==== Stored data

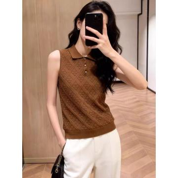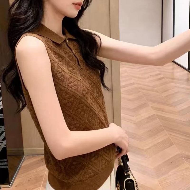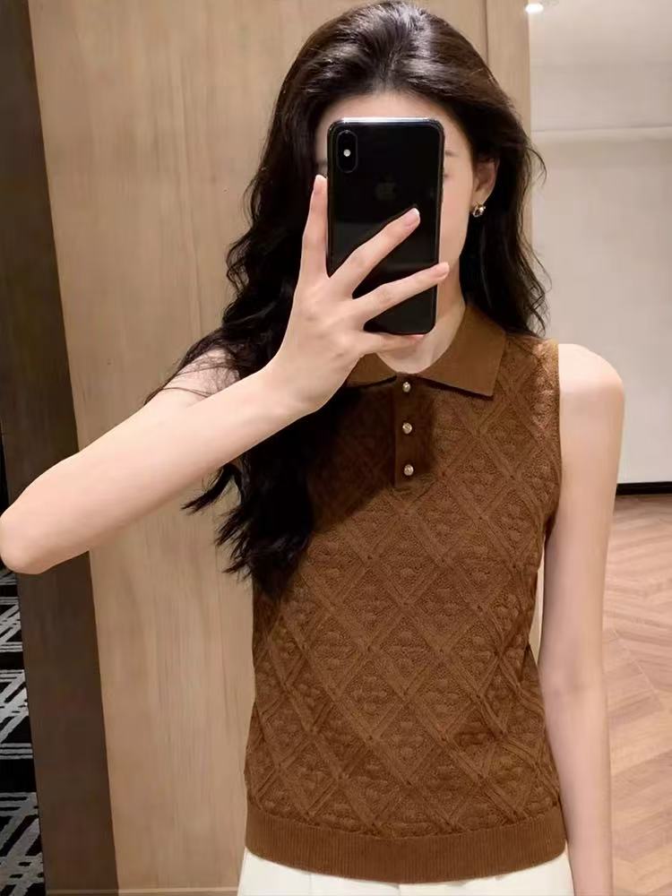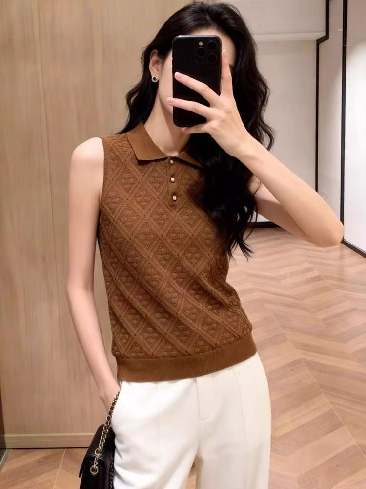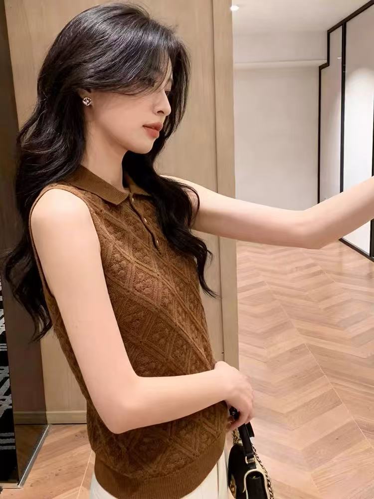 BY15036# 复古风针织翻领背心大码胖MM女外穿菱格纹无袖上衣通勤高级感减龄 服裝批發女裝批發服飾貨源
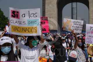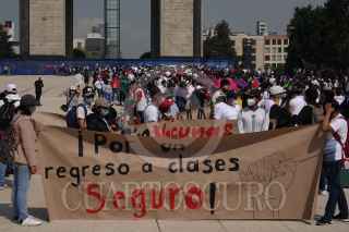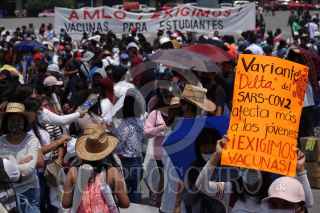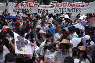 CIUDAD DE MÉXICO, 06JULIO2021.- Estudiantes que integran la Federación Nacional de Estudiantes Revolucionarios Rafael Ramírez (FNERRR) marcharon de Monumento a la Revolución al Zócalo capitalino para exigir al gobierno agilizar la vacunación contra la covid-19 en jóvenes, a fin de volver de manera segura a clases presenciales. FOTO: GALO CAÑAS/CUARTOSCURO.COM
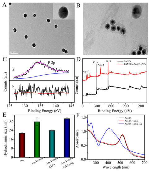 TEM image of (A) AuNPs. (B) Ag-deposited TAMRA-OTAApt@AuNPs; outer scale bars = 50 nm and inner scale bars = 5 nm. (C) The narrow-scan P 2p XPS (a) after and (b) before the aptamer was conjugated on the AuNPs. (D) XPS survey of AuNPs, and Ag-deposited TAMRA-OTAApt@AuNPs. (E) The hydrodynamic sizes of AuNPs, TAMRA-OTAApt@AuNPs, OTA/TAMRA-OTAApt@AuNPs, Ag-deposited TAMRA-OTAApt@AuNPs. (F) UV-vis spectra of AuNPs (black line), TAMRA-OTAApt@AuNPs (red line), and Ag-deposited TAMRA-OTAApt@AuNPs (blue line).
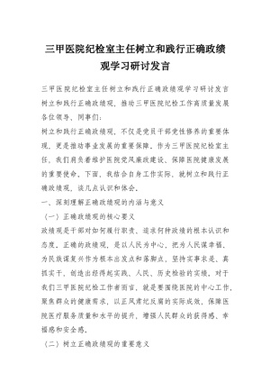 三甲医院纪检室主任树立和践行正确政绩观学习研讨发言
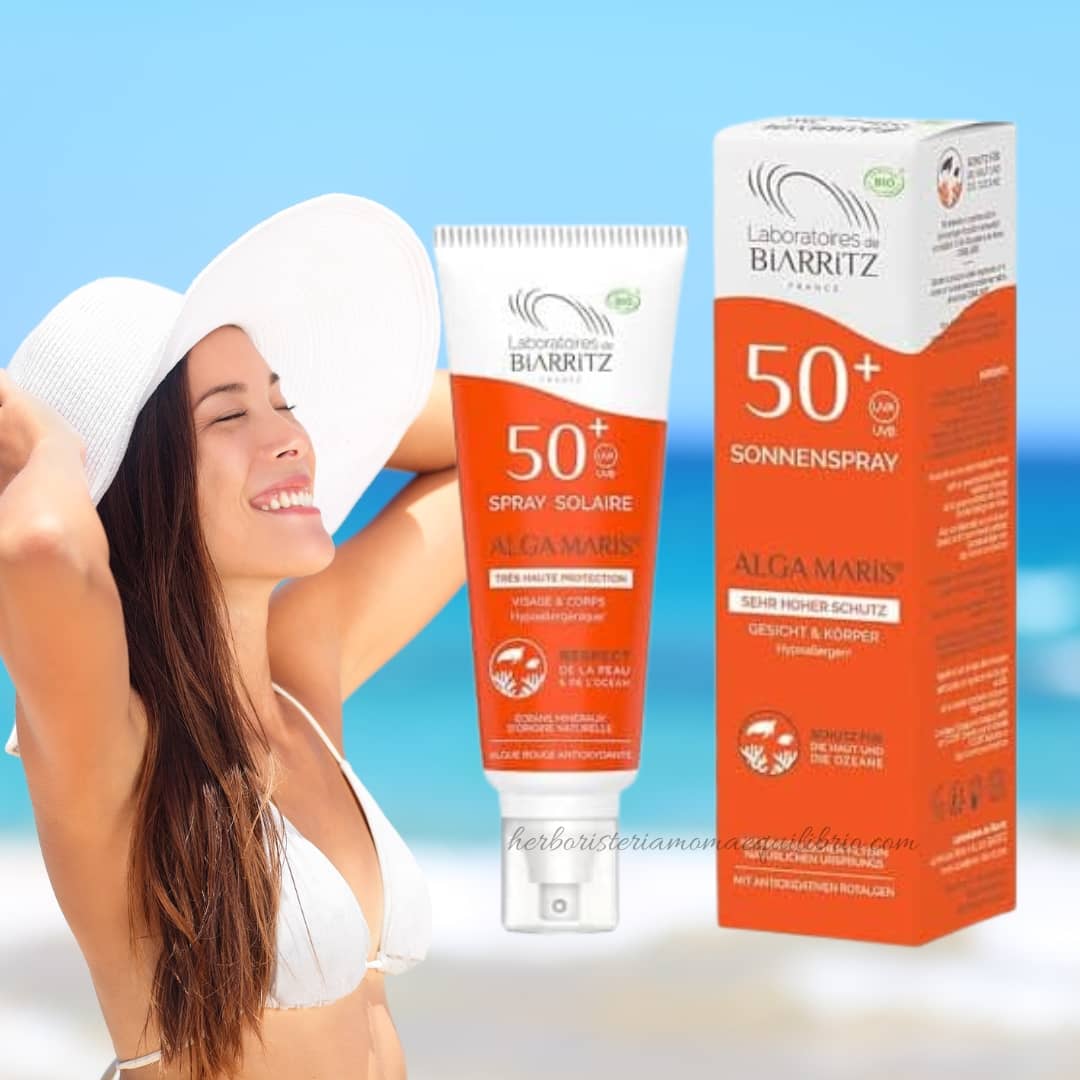 Spray protector solar Cara y Cuerpo SPF 50+ de Alga Maris, resistente al agua y de textura fluida para una efectiva protección de todo el cuerpo y cara.

========

**Activity**
The lines from the start of the records above through the line that holds "CIUDAD DE MÉXICO, 06JULIO2021.- Estudiantes" are to be copied exactly, both ends included, and no pictures are to be copied.

**Output below**
 BY15036# 复古风针织翻领背心大码胖MM女外穿菱格纹无袖上衣通勤高级感减龄 服裝批發女裝批發服飾貨源
 CIUDAD DE MÉXICO, 06JULIO2021.- Estudiantes que integran la Federación Nacional de Estudiantes Revolucionarios Rafael Ramírez (FNERRR) marcharon de Monumento a la Revolución al Zócalo capitalino para exigir al gobierno agilizar la vacunación contra la covid-19 en jóvenes, a fin de volver de manera segura a clases presenciales. FOTO: GALO CAÑAS/CUARTOSCURO.COM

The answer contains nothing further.